A State Makes a Big Bet on Telework

State Capitol Building in Salt Lake City, Utah

State Capitol Building in Salt Lake City, Utah Shutterstock/Francesco Dazzi

 

Connecting state and local government leaders

Utah expands a pilot program to 2,500 jobs.

After finding that state employees who volunteered to work from home were more productive than their counterparts who worked in state office buildings, Utah plans to extend telework options to more departments.

Over the next 18 months, Utah will expand its initial pilot program involving 136 workers to about 2,500 jobs, said Lt. Gov. Spencer Cox, who led the initiative for Gov. Gary Herbert’s administration. Both Cox and Herbert are Republicans.

Before the pilot, which launched in September 2018, Cox said there was one state department that offered teleworking. The initial program expanded that option to four agencies, with the new push eventually adding many more.

During the test run, employees—who worked in customer service, accounting, procurement and other jobs—had to commit to working three days from home, with shared work spaces set up in agency offices for those who needed to come in one or two days a week. At home, employees needed to have a work space that wasn’t just sitting on the couch with a laptop, Cox said. The state also needed to make sure the teleworkers had fast enough home internet service.

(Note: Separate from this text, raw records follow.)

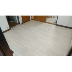 床の下地補強をしクッションフロアを張替えました。古さを感じさせる床からベージュ系の木目をご選定になり、清潔感のある木目で適度なナチュラル感とすっきりとした空間に仕上がりました。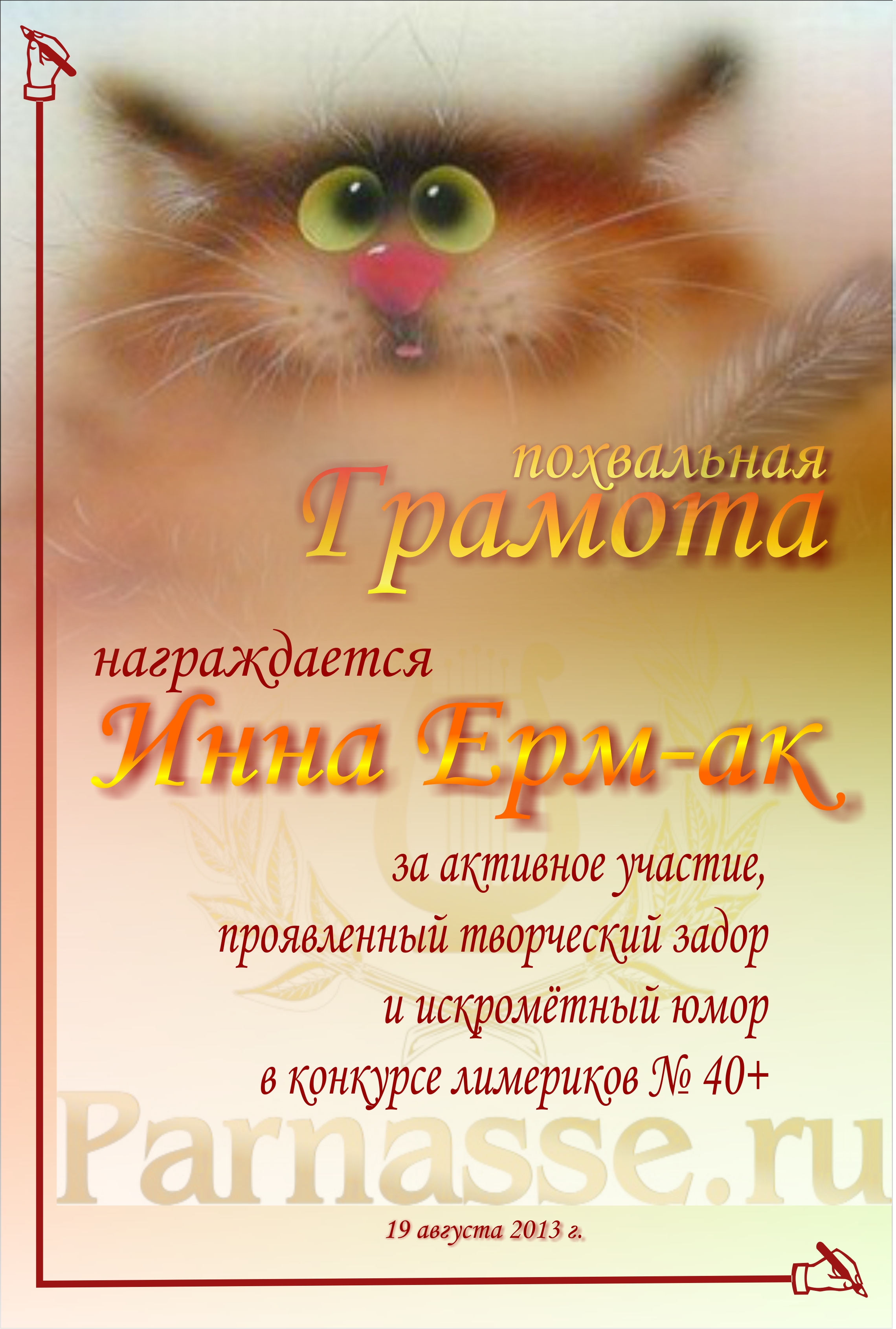 Похвальная грамота за 4 место в конкурсе лимериков № 40+ (19.08.2013 г.)
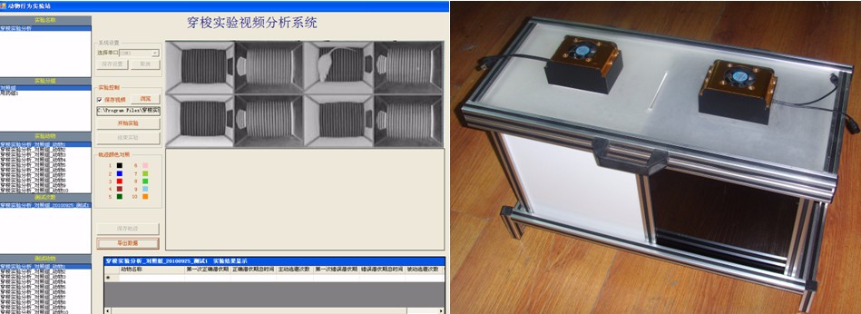 本系統(tǒng)是通過攝像視頻跟蹤方式的分析系統(tǒng)。該系統(tǒng)以攝像系統(tǒng)、電腦、刺激器三大部件作為硬件基礎(chǔ),實(shí)驗(yàn)過程中不需要對實(shí)驗(yàn)動物作特殊標(biāo)記。軟件識別算法采用了軌跡預(yù)測、局部和全局相結(jié)合的搜索技術(shù),可以任意追蹤和記錄實(shí)驗(yàn)動物(大小鼠)的位置,采用開放式、系統(tǒng)可擴(kuò)展性強(qiáng),結(jié)果可導(dǎo)入到Excel,并進(jìn)行直方圖\曲線\軌跡的處理,便于用戶在SPSS、SAS等生物分析統(tǒng)計(jì)軟件中作進(jìn)一步分析處理。

In the end, Cox said most participants had a positive reaction, and the state found that the remote workers were 22 percent more productive than their peers still in the office.

“They were happier,” Cox said, adding that the state saw benefits from reducing commuters on the road. “We were taking carbon out of the air and emissions out of the air.”

The push to encourage more telework in Utah government began with Cox’s focus on economic development in rural parts of the state. One idea, he said, was to convince private industry, particularly in the technology sector, to embrace hiring people in rural parts of the state to work from home.

But when Cox approached leaders of Utah’s growing tech industry, he said they were hesitant about hiring teleworkers. So, he and others decided the state should test out telework with some of its 22,000 employees.

“Then we can show some of our counterparts and some of our tech companies this is the real option,” Cox said.

In the most recent survey of state workers by the Center for State and Local Government Excellence, 46 percent said there was some availability to telework at their agencies. Working from home was a less popular offering than flexible work hours, which 78 percent of respondents said was an option.

Governing last year reported that 6,000 state employees in Tennessee—considered a leader in states offering telework options—had decided to work from home. A state official told the magazine 27,000 of the executive branch’s 38,000 employees could eventually have the option.

Cox said expanding telework could improve retention, as the surveys of pilot program participants found that about 50 employees who had been looking to move on from state government instead decided to stay. “With low unemployment it is hard for us to compete for employees across the state. That was really big for us,” he said.